Task data: Begin

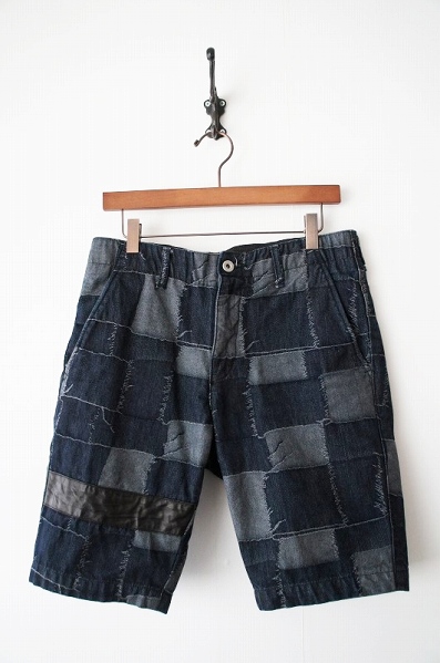 ISAMU KATAYAMA BACKLASH(イサムカタヤマバックラッシュ):パッチワークジャガードデニム+ホースレザー ハーフパンツ
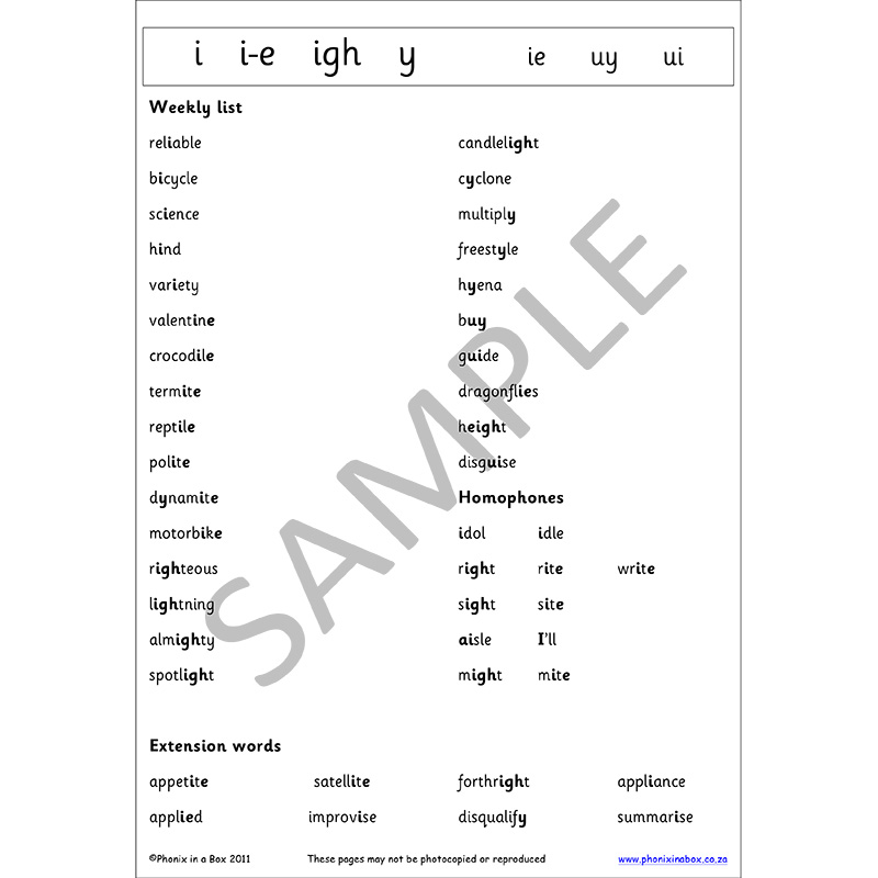 Grade 5 introduces different spelling choices for the vowel and consonant phonemes e.g. f/ff/ph/ and gh; e/ee/ea/ey/y and ei/ie Worksheets focus on homophones, proverbs & similes.
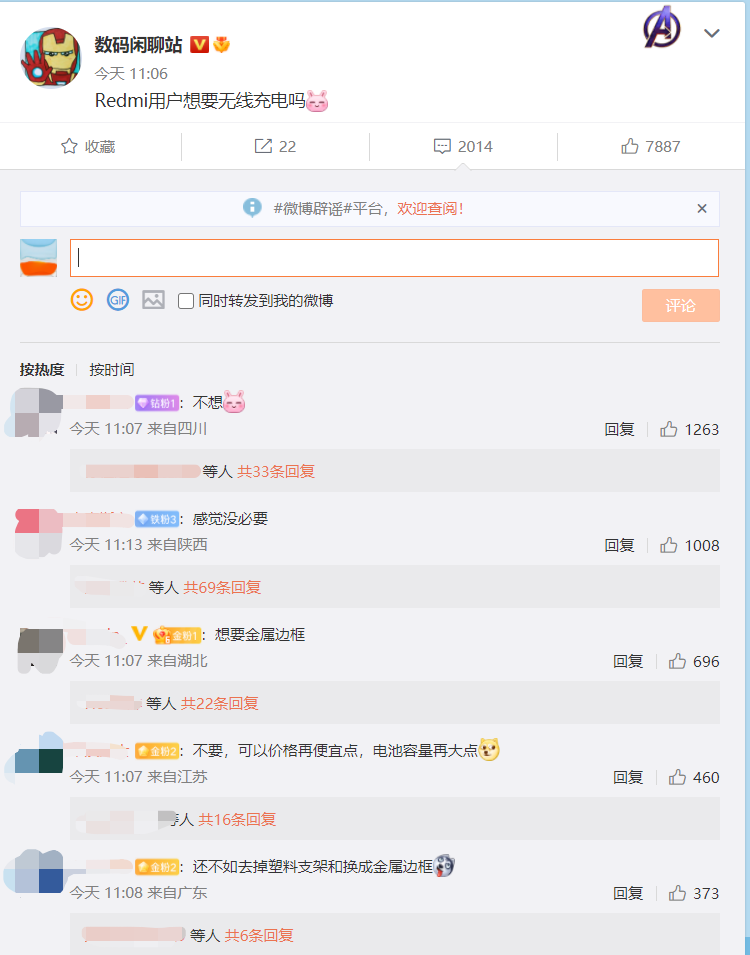 据微博博主 @数码闲聊站 透露,Redmi 的新品有望支持无线充电新特性。结果评论显示,大量网友可能并不想要“无线充电”,而是更想要金属边框,或者手机价格再便宜些、电池容量更大些。
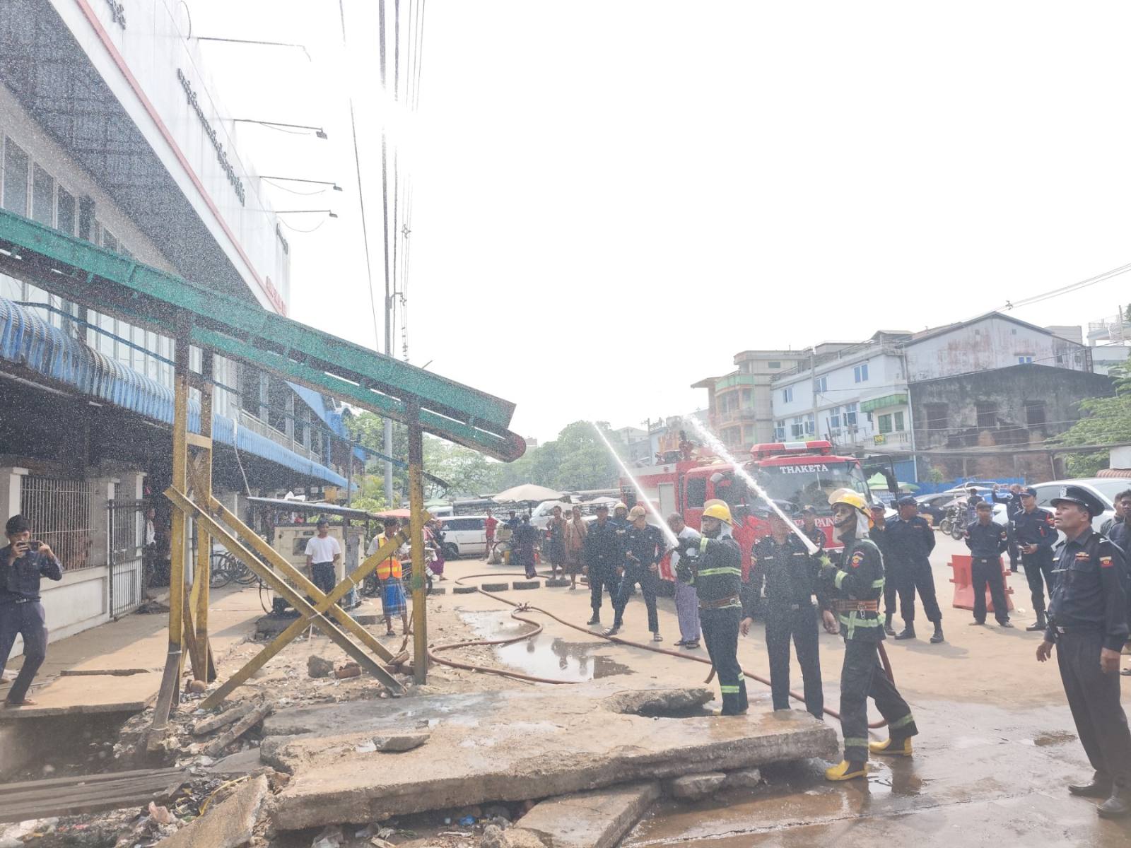 ယင်းနောက် မြို့နယ်မီးသတ်ဝန်ထမ်းများက လက်ကမ်းစာစောင်ဖြန့်ဝေခြင်း၊ 191 Report Application အား ပြည်သူများ၏ လက်ကိုင်ဖုန်းများတွင် ထည့်သွင်းပေးပြီး အသုံးပြုနည်းများ ရှင်းပြပေးခြင်း၊ မီးသတ်ဆေးဘူးကိုင်တွယ်အသုံးပြုနည်းနှင့် မီးငြှိမ်းသတ်နည်းများကို ရှင်းလင်းပြသ၍ ဈေးကော်မတီတာဝန်ရှိသူများ၊ ဈေးသူ/ဈေးသားများနှင့်အတူ အရေးပေါ် မီးငြှိမ်းသတ်နည်းများကို လက်တွေ့ပူးပေါင်းဆောင်ရွက်ခဲ့ကြပြီး ပြည်သူများ ပူးပေါင်းပါဝင်သည့် မီးသတ်ကားအသုံးပြု မီးငြှိမ်းသတ်နည်းများကို ဇာတ်တိုက်လေ့ကျင့်ခဲ့ကြကြောင်း သိရသည်။
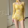 Стильный женский раздельный купальник с длинным рукавом и эффектом размытия, отбеливающий, с блузкой от солнца, для лета, горячих источников и студенток
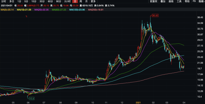 二级市场方面,自2021年1月26日股价涨至阶段性高点36.45港元/股后,该公司股价进入下行趋势。截至4月1日收盘,吉利汽车股价收于20.55港元/股,降幅接近44%。
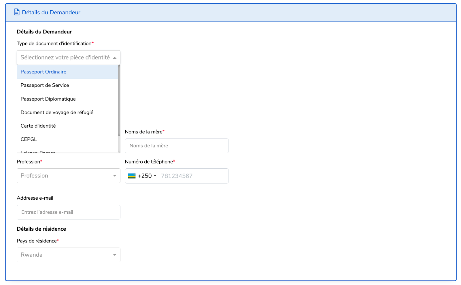 Remplissez les informations du demandeur, le type de document d’identification, les coordonnées de résidence, le numéro de téléphone et l’adresse e-mail.
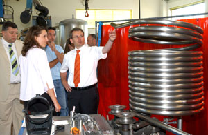 „Gerade bei den Kühlsystemen ist die Nutzung von erneuerbarer Energie noch voranzutreiben“, unterstrich Landesrat Laimer bei seinem Besuch in der Firma. Die Nutzung alternativer Energiequellen für Heiz- und Kühlsysteme könne das Ungleichgewicht zwischen dem Angebot an traditioneller Energie und dem tatsächlichen Energiebedarf zu bestimmten Zeiten im Jahr ausgleichen, sagte Laimer. Der Landesrat kündigte außerdem an, sich dafür einzusetzen, dass die Aktivierung solcher Systeme, die mit Alternativenergie laufen, vom Land gefördert werde. Das Thema „Solarkühlanlagen“ sollte auch im Master-Lehrgang „Klimahaus“, der 2006 an der Freien Universität Bozen starten soll, behandelt werden, meinte der Energielandesrat. Die Firmenleiter Stefanie und Markus Ebner berichten dem Landesrat, dass das Interesse an den Solarkühlanlagen auf europäischer Ebene groß sei. In diesem Bereich würde sich eine Nische für einen neuen Markt auftun. Das Unternehmen ist auch an CAN, dem Clusterentwicklungsprogramm des Ressorts für Industrie beteiligt.
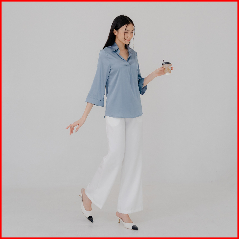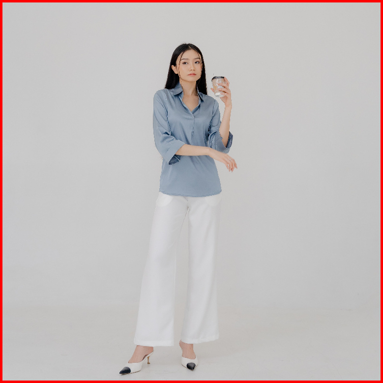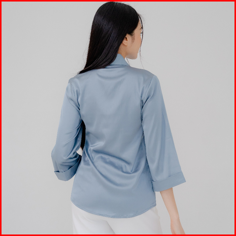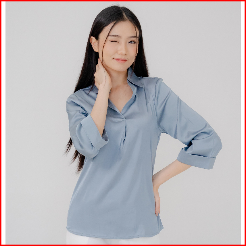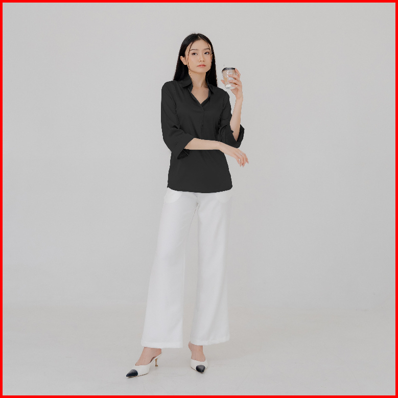 Sunflower Haley Kemeja Shirt Hitam Basic Satin Silk Premium Lengan Panjang Wanita
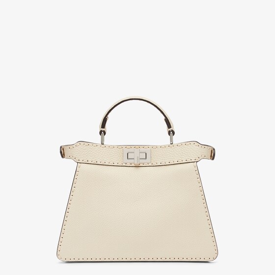 Small iconic Peekaboo ISeeU bag made with 556 tone on tone hand-sewn macro topstitches, an emblem of the iconic Selleria workmanship handed down through generations of Fendi artisans since 1925.
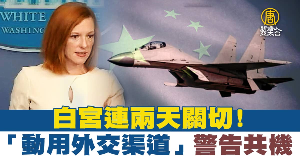 【新唐人亞太台 2021 年 10 月 05 日訊】中共周一(10月4日)派出56架次飛機侵擾台灣西南空域,白宮週一記者會上,四度被問到台灣遭侵擾議題,白宮(4日)再次重申美對台承諾、將協助台灣保持足夠的自衛能力,同時透露,正在「私下接觸,通過外交渠道傳達明確的信息」,有美國政要呼籲,派遣軍事顧問小組前往台灣。而在白宮連兩天關切共機擾台後,國防部最新消息顯示,中共今天只有一架軍機侵入我西南防空識別區。
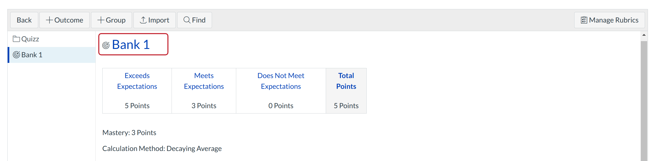 You can view all rubrics and artifacts aligned with an outcome. Open Outcomes in the Course Navigation menu.

Task data: End

__Task item__
Of the lines above, quote exactly those from the one with "Стильный женский раздельный" through the one with "Remplissez les informations", ends included; pictures stay out.

__Result of the exercise__
 Стильный женский раздельный купальник с длинным рукавом и эффектом размытия, отбеливающий, с блузкой от солнца, для лета, горячих источников и студенток
 二级市场方面,自2021年1月26日股价涨至阶段性高点36.45港元/股后,该公司股价进入下行趋势。截至4月1日收盘,吉利汽车股价收于20.55港元/股,降幅接近44%。
 Remplissez les informations du demandeur, le type de document d’identification, les coordonnées de résidence, le numéro de téléphone et l’adresse e-mail.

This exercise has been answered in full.